#### [What you are asked to do]
In the records below, find the line containing "术前检查:2月前腰椎CT,无明显骨折征象。" and the line containing "接着,在党史电影配音环节中,邓子豪、史侯"; please repeat exactly the lines from one to the other, both included, and nothing more.

#### [Excerpted data]
::::

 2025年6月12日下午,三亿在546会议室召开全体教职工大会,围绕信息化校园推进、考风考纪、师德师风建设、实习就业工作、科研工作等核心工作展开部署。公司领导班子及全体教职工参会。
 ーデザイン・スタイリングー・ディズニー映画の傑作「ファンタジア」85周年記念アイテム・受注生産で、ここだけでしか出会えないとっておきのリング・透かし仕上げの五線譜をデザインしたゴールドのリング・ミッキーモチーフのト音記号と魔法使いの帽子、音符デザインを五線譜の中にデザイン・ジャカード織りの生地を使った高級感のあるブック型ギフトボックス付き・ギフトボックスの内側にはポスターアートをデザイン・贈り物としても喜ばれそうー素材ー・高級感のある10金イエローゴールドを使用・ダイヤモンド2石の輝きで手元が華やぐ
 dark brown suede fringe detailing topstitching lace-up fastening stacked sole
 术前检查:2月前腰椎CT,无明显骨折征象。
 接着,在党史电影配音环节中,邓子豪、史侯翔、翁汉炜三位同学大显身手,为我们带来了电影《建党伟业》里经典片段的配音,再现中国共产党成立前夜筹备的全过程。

::::

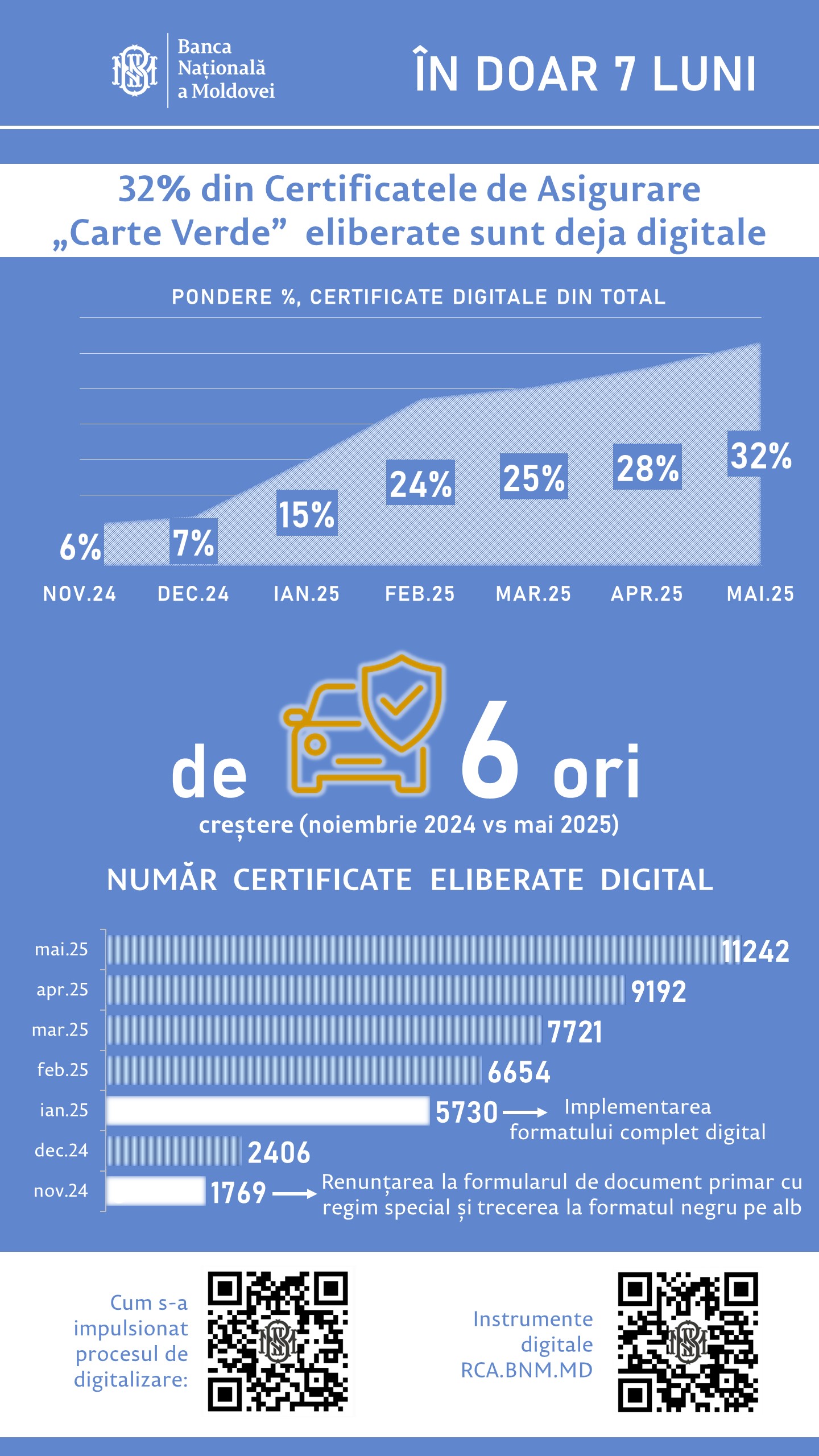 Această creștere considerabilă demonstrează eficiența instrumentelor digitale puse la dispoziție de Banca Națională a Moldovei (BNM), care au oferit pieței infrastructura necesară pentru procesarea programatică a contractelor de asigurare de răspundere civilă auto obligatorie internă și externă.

::::

#### [Solution for this problem]
 术前检查:2月前腰椎CT,无明显骨折征象。
 接着,在党史电影配音环节中,邓子豪、史侯翔、翁汉炜三位同学大显身手,为我们带来了电影《建党伟业》里经典片段的配音,再现中国共产党成立前夜筹备的全过程。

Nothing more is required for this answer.